The Red Cross Museum in Geneva has been responding to criticism about how it describes the alleged genocide of Armenians by the Ottoman Empire. The controversy highlights the fine line museums must tread between truth and expediency.
The section of the museum which has aroused the most controversy is the "Wall of Time", which lists every conflict which has claimed over 10,000 lives in a year, and every natural disaster which has killed over 1,000 people.
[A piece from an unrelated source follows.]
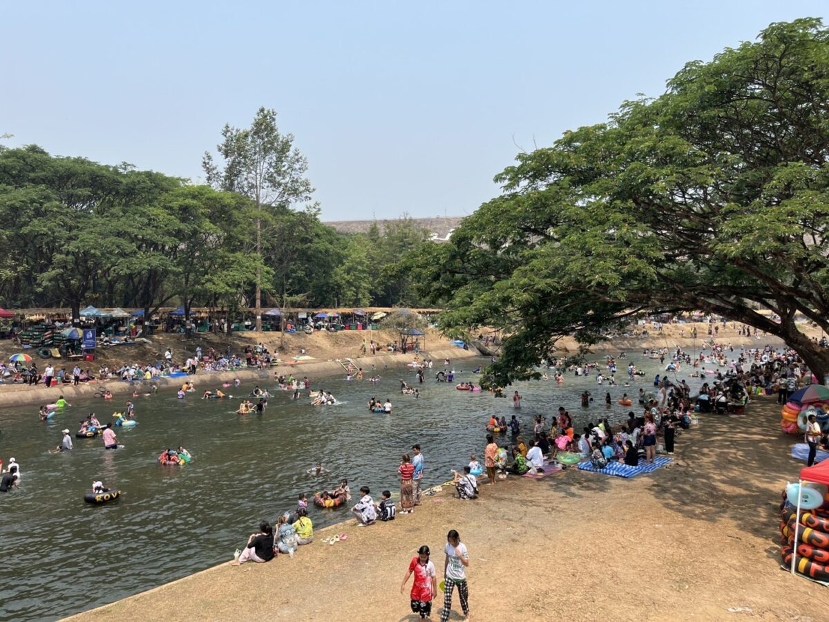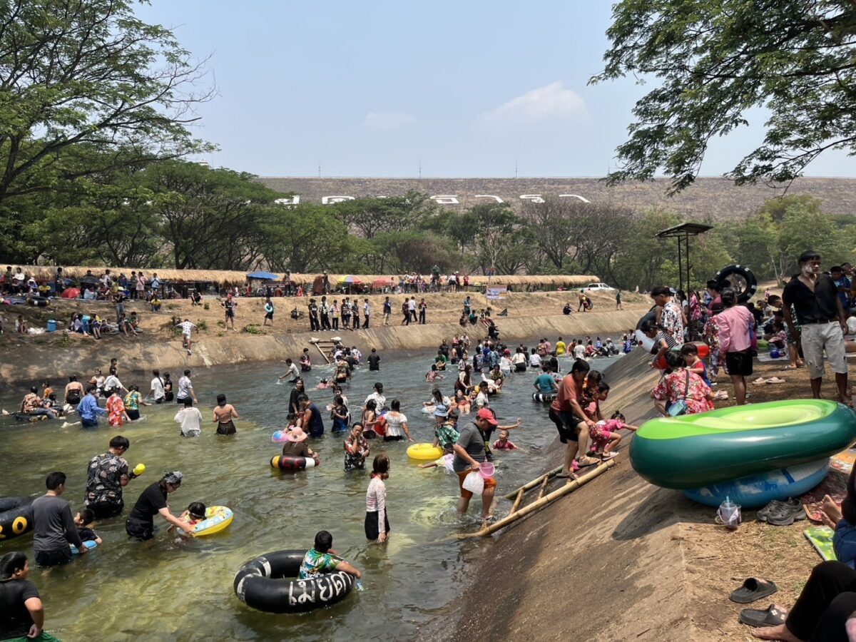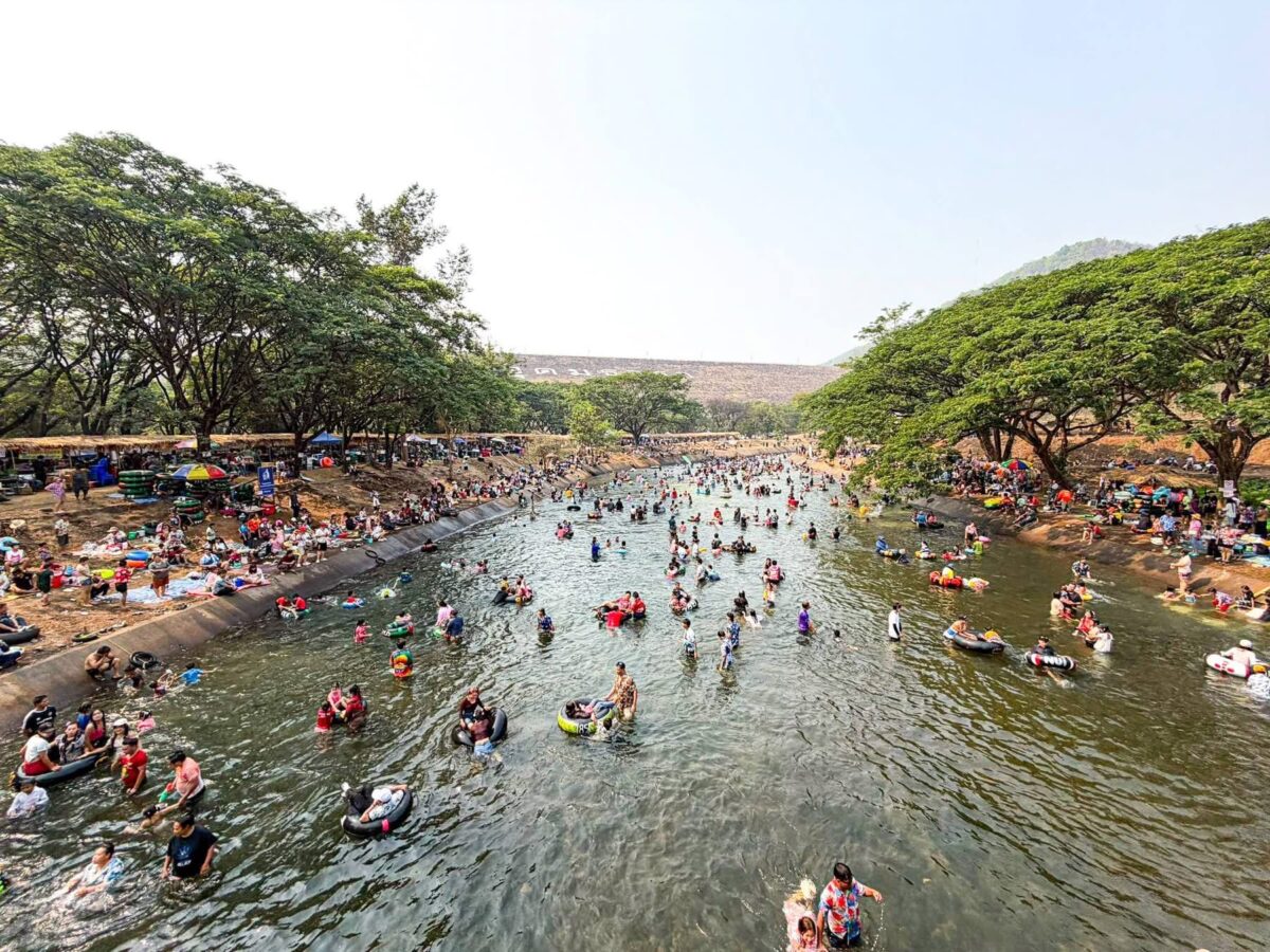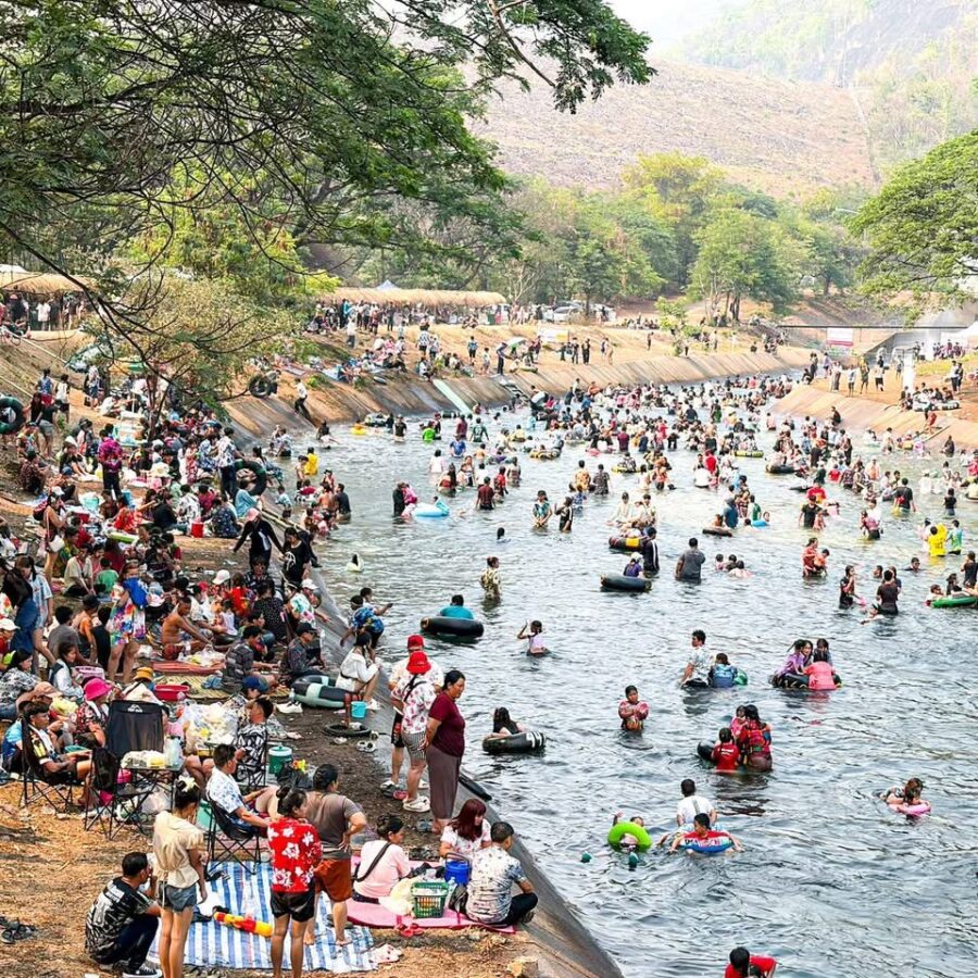 With temperatures soaring, thousands of residents and tourists descended on the Mae Kuang Dam in Doi Saket over the holidays, turning the popular water release point into one of the season’s busiest Songkran spots. Families and groups of friends gathered to picnic and splash in the flowing water, making the most of the long holiday weekend.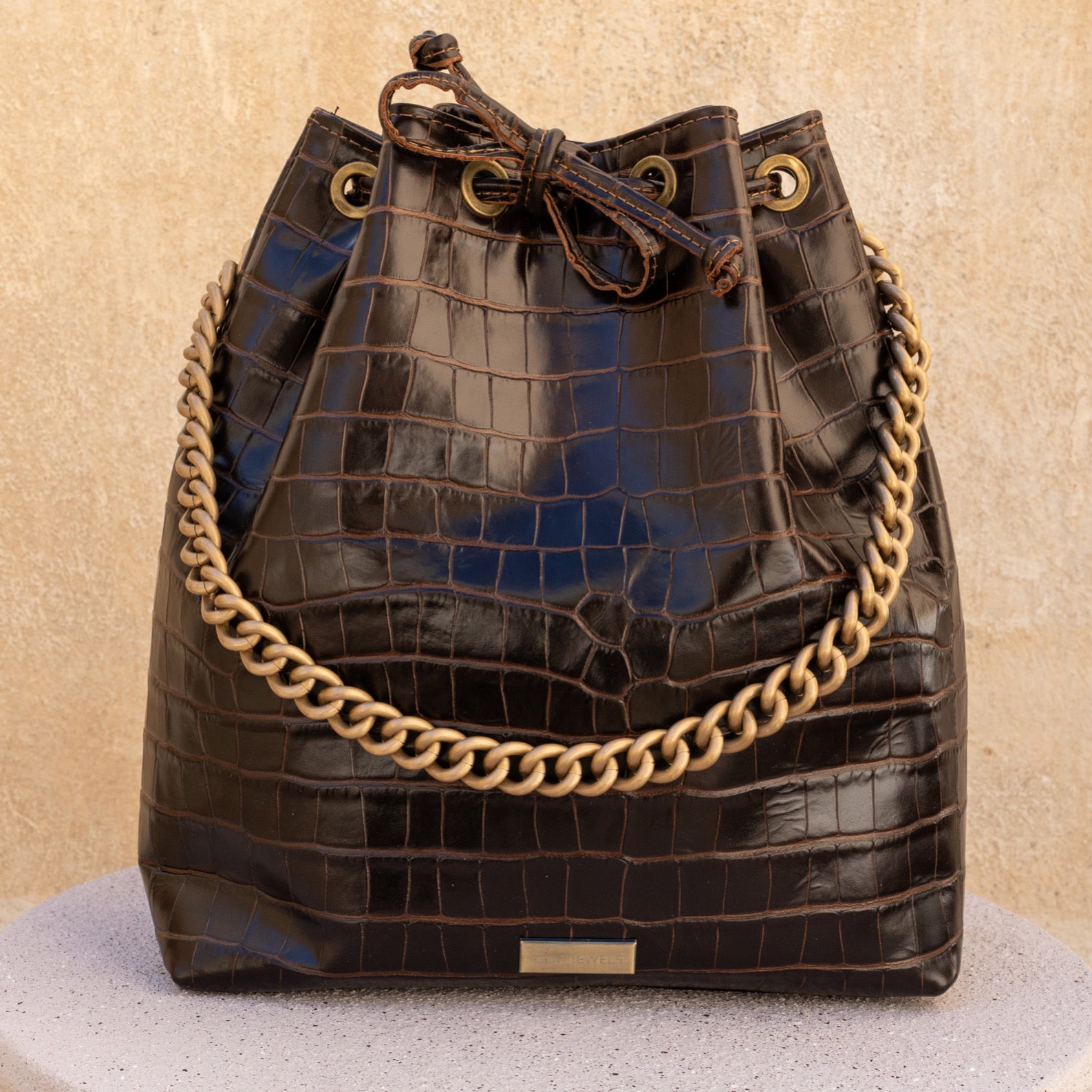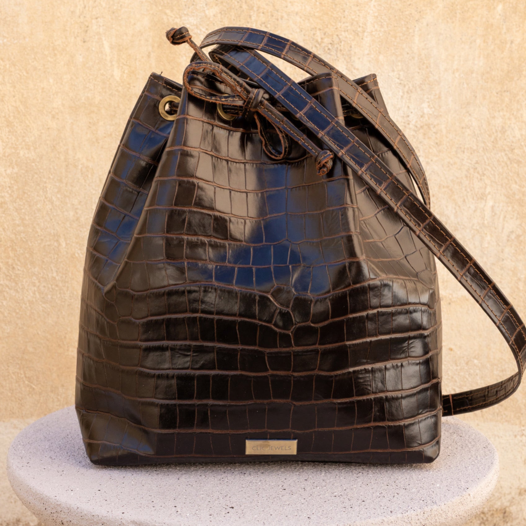 ZOE BACKPACK/BUCKETBAG (dark brown croco genuine leather)

The local press has been particularly incensed about the wall's references to the alleged genocide of Armenians by Turks during the Ottoman Empire. The entry on the wall reads merely: "1915, 1916 and 1917, Ottoman Empire: massacres in Armenia".
Other entries are similarly brief, but critics say there is no indication as to who was committing the massacres in Armenia and who were the victims.
The exhibit reveals what former curator, Jean-Pierre Gaume, describes "as a crisis of identity at the heart of the Red Cross Museum".
"The museum has to walk a tightrope between showing historical truth and respecting the Red Cross's traditional neutrality. It is a real challenge to balance these two demands," he told swissinfo.
Should the museum, for example, show the truth if it is likely to displease a government and put the lives of civilians or Red Cross delegates at risk?
Gaume, curator of the museum from 1982 until his departure in 1997, says bowing to the wishes of a government which refuses to accept historical facts can seriously compromise either historical reality or humanitarian action.
Reports have long circulated that the wording of the Turks' murder of Armenians was toned down in the wake of Turkish complaints to the ICRC, and suggestions from Ankara that it could limit Red Cross activities in Cyprus.
The claims are strongly denied by the museum's current director, Roger Mayou. "We have never changed a word on the Wall of Time. We never changed the word genocide to massacres and we are not going to change one word because of political or media pressure."
He points out that the wording was devised in the mid-1980s, when the world was still in the grip of the Cold War: "I can imagine our predecessors taking certain decisions that they might not take today.
"As everybody knows, Turkey is not very happy with the word massacres, but the word falls between what both sides would like to see, and that's perhaps why it was chosen," he told swissinfo.
Part of the problem is the nature of the Wall of Time, which presents visitors with a continuum of historical death and suffering, set in the context of the Red Cross movement.
The writing on the wall is done in a kind of serigraphy, and is difficult to remove. Consequently the wording has remained unchanged since the museum opened in 1988.
"The current staff did not choose these words," Mayou says. "We have to live with them and the problems they cause."
He adds that the wall itself presents the museum with a very real dilemma about what history is.
"The Wall of Time presents history as though it is definitive. There is a discrepancy between having history carved in stone for an eternity and the absolute necessity of taking a fresh look at historical events.
Mayou says that, if the exhibit were devised now, it would, like many of the other features in the museum, be achieved with computers, which could quickly reflect changes in historical wisdom. "We are not making history. We are relating history, and history is an evolving process."
Nevertheless he insists that "history needs a certain time delay" and for that reason, 10 years must elapse before the wall is updated. The Rwandan genocide will therefore appear only in 2004.
Unlike the Wall of Time, the museum is not constrained by time. It has already shown it is not afraid to use the word "genocide" in the context of Rwanda in its new permanent exhibition on the Red Cross's contemporary work.
It also intends to remodel the section on the Second World War to reflect recent historical studies, notably by the Geneva historian Jean-Claude Favez, about the Red Cross's less than glorious efforts to help the victims of the Nazi concentration camps.
"We have these new elements before us and we have to incorporate them into the museum and change areas which are no longer satisfying," Mayou says.